| DATA RECORDS |
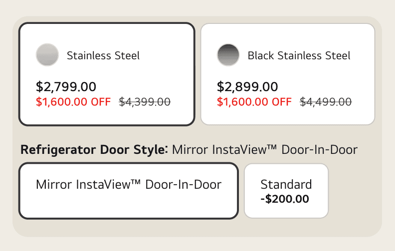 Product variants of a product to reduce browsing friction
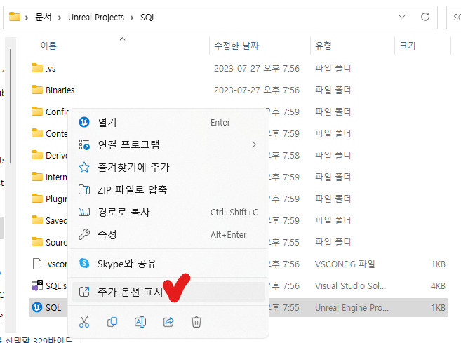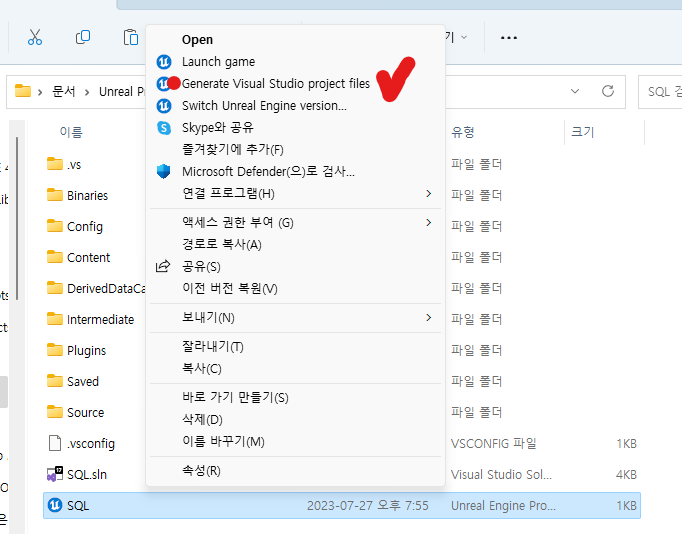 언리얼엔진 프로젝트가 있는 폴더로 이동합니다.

--

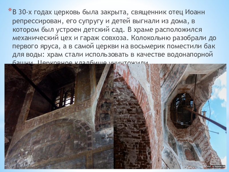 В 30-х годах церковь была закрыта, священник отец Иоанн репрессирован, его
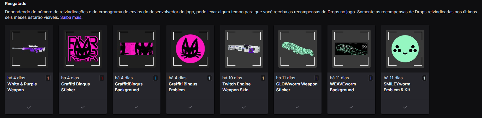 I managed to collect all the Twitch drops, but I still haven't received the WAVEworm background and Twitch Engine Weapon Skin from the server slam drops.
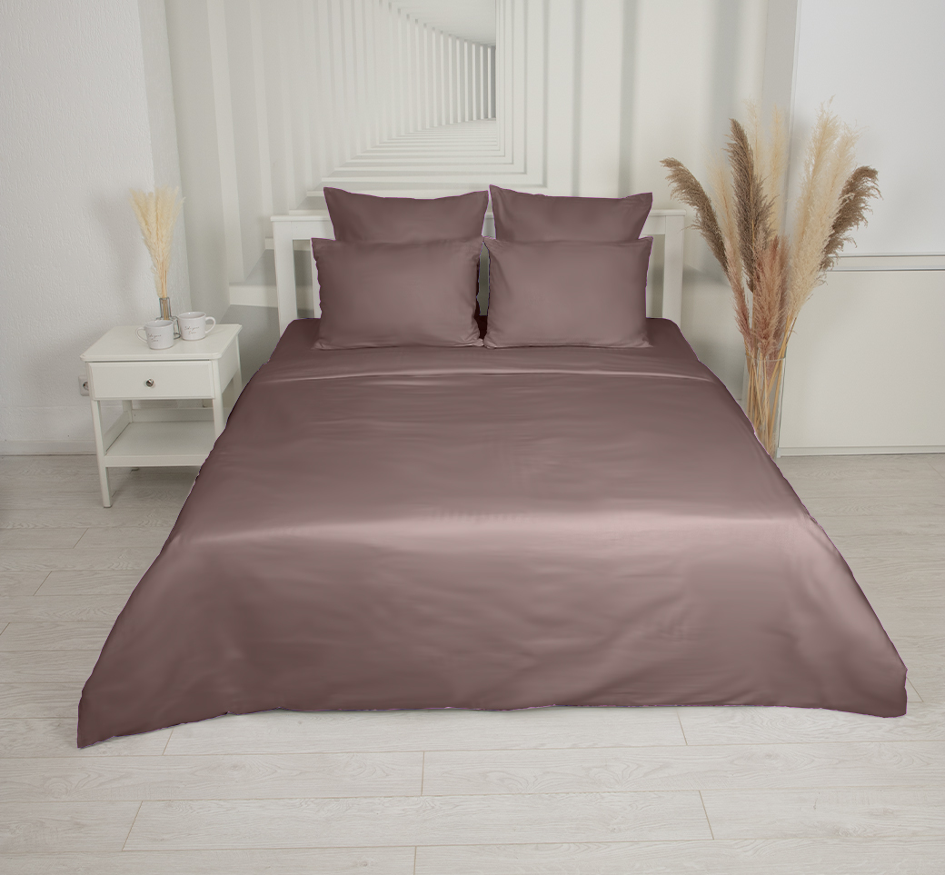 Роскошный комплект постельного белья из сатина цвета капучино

==

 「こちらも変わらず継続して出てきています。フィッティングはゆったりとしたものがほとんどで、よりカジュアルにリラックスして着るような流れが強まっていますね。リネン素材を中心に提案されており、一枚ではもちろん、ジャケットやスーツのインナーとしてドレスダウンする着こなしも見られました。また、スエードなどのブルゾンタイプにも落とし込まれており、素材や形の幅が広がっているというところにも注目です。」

| EXERCISE DIRECTIONS |
Your copy should hold only the lines above from the one containing "Product variants of" through the one containing "언리얼엔진 프로젝트가 있는 폴더로 이동합니다.", exactly as written and free of pictures.

| EXERCISE RESULT |
 Product variants of a product to reduce browsing friction
 언리얼엔진 프로젝트가 있는 폴더로 이동합니다.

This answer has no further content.